My real thing is baking pies. Another of the unpleasant things I’ve learned about myself during the pandemic is that I absolutely just baked pies to be a show-off, because I have not baked a pie for myself nor for my family this whole time. I have won two separate awards for pie-making. This is literally the only thing I will ever brag about. The first one was for a chocolate silk pie and the second one was for a custard pie that was flavored with this Bangladeshi five-spice.

A baking aside: Anytime I have to grease a pan, I use a 1:1:1 mix of Crisco, vegetable oil, and flour that I make in batches and keep for all my pan-lube needs. It works about a billion times better than spray grease. YOU’RE WELCOME.

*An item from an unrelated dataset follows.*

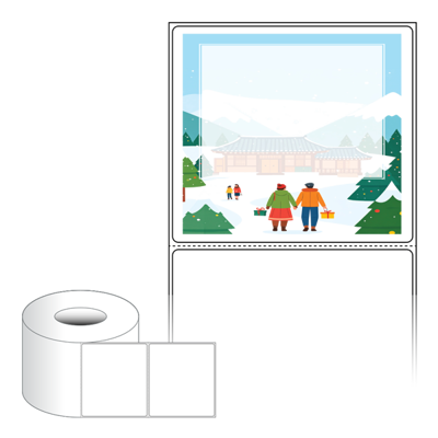 출력용 롤타입 스티커 디자인 라벨지, 규격코드: RL10090, 디자인코드: DA1569(설레는 설날의 아침), 100 x 90.133 (mm) , 지관: 75mm
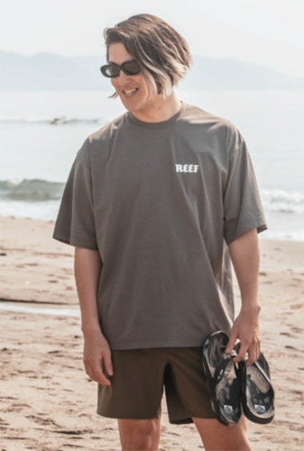 It has a simple design with a REEF logo print on the chest and a REEF logo patch on the hem.

§ In the NY Times Magazine, a long piece about The Black Nerds Redefining the Culture that talks to a lot of people about being a Blerd, Afrofuturism, and fandom in general:

Back in the 1980s in Mobile, Ala., two cousins — a boy and a girl — spent hours together conjuring imagined worlds. He loved comic books; the Incredible Hulk series was his favorite because, though the boy could never be white like Bruce Banner, he could perhaps turn green like the Hulk. She loved science fiction; Tanith Lee and C.S. Friedman enchanted her, as did Octavia E. Butler, who was Black like her. Fast forward half their lifetimes and the boy, now a 48-year-old man, the stand-up comic and political commentator W. Kamau Bell, has won three consecutive Emmys for CNN’s “The United Shades of America.” The girl, now a 48-year-old woman, the novelist N.K. Jemisin, has won three consecutive Hugo Awards for the novels in her Broken Earth trilogy. “I get goose bumps thinking about it,” Bell says. “The two of us in my grandmother’s house as kids laying on the floor, her writing and me drawing and ultimately clinging together because we didn’t feel like we fit in.” That sense is common to Black nerds, particularly among those who grew up before there was a name to call themselves. “I was in my 30s before I heard the word ‘Blerd.’ And I thought, ‘That would have been helpful when I was 12,’” Bell says. According to him, it’s about “planting a flag.” Blerd stakes a claim for the free and full exercise of Black individuality within the space of a collective identity.

§ Business news: HarperCollins is buying Houghton Mifflin’s trade unit:

After losing out to Bertelsmann’s Penguin Random House in its bid to buy Simon & Schuster, News Corp and its HarperCollins subsidiary has reached an agreement to buy the trade publishing division of Houghton Mifflin Harcourt for $349 million in cash. HMH put the division up for sale last fall as part of its strategy to become an educational technology company for the K-12 market. News Corp hopes the deal, subject to regulatory approval, will be completed by June 30, 2021, the end of its fiscal year.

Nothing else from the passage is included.